When corporation tax increases from 1 April 2023, companies will need to consider three scenarios:
From 1 April 2023:
The main corporation tax rate is increased to 25% where profits are over the upper profits limit, set at £250,000.
A small profits rate will apply for companies whose profits are equal or below the lower profits limit, set at £50,000. The small profits rate is set at 19%.
Companies with profits between the lower and upper limits (£50,000 and £250,000) will pay tax at the main rate of 25%, but this will be reduced by marginal relief. The effect of marginal relief is that the effective rate of corporation tax gradually increases from 19% where profits are £50,000 or less to 25% where profits are more than £250,000.
The limits are reduced if you have associated companies or if your accounting period is less than 12 months. This final comment is key.
A company with just one associated company – a company where there is common ownership – will see the upper and lower profits limits halved.
For example, if you have one associated company so that the limits are halved, from 1 April 2023, you will pay corporation tax at the small profits rate if your profits are £25,000 or less. If your profits fall between £25,000 and £125,000 you will pay tax at 25%, as reduced by marginal relief. If your profits are more than £125,000, you will pay corporation tax at the main rate of 25%.

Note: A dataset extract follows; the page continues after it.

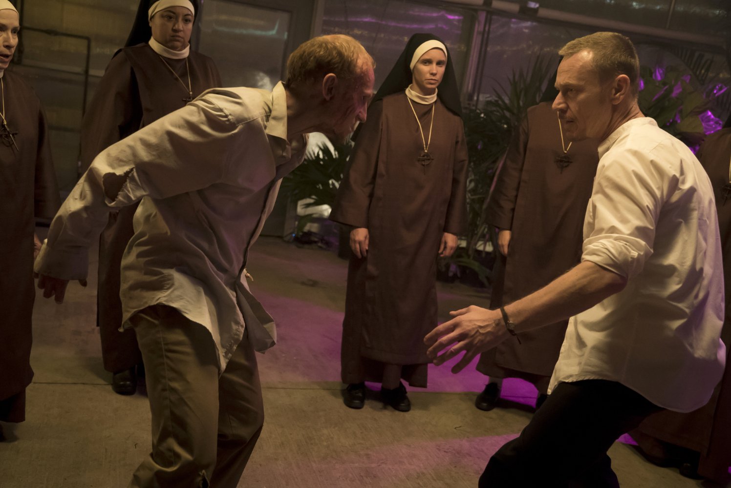 The really compelling story is Marcus’, as he flounders about Chicago in his new defrocked state. Following the names on the back of his bus ticket, he first finds himself at a convent run by Mother Bernadette (Deanna Dunagan). Seems the nuns are running something akin to exorcisms of their own, where they surround a possessed homeless man and patiently invoke the name of the Virgin Mary even as it lashes out at Bernadette. At this point, The Exorcist illustrates the kind of tough maternal love for a child. Bernadette suggests that Marcus “use a feminine touch,” but what she really means is: be willing to get your hands dirty for God’s children. The possessed man is violent, and he strikes Bernadette repeatedly (she has the scars to show it), but she presses on not in repaying violence with violence, but with love which endures the hurt.

Reviewing company structures
Business owners who control two or more companies could benefit from restructuring their business interests before 1 April 2023.
For example, if you have one company with taxable profits of £40,000 and one company with taxable profits of £5,000, the company with the taxable profits of £40,000 will not benefit from the small profits rate as the profits are above the lower limit of £25,000 that applies to a company with one associate. Merging the companies will mean that there is only one company and the combined profits of £45,000 will be charged at the small profits rate of 19%.
We can help
Restructuring, and considering your options in this way can take time. If you have an active share in more than one company the first job is to consider if your holdings constitute common ownership.
If they do, then consideration of the change in corporation tax rates will need to be undertaken to see if restructuring would be appropriate.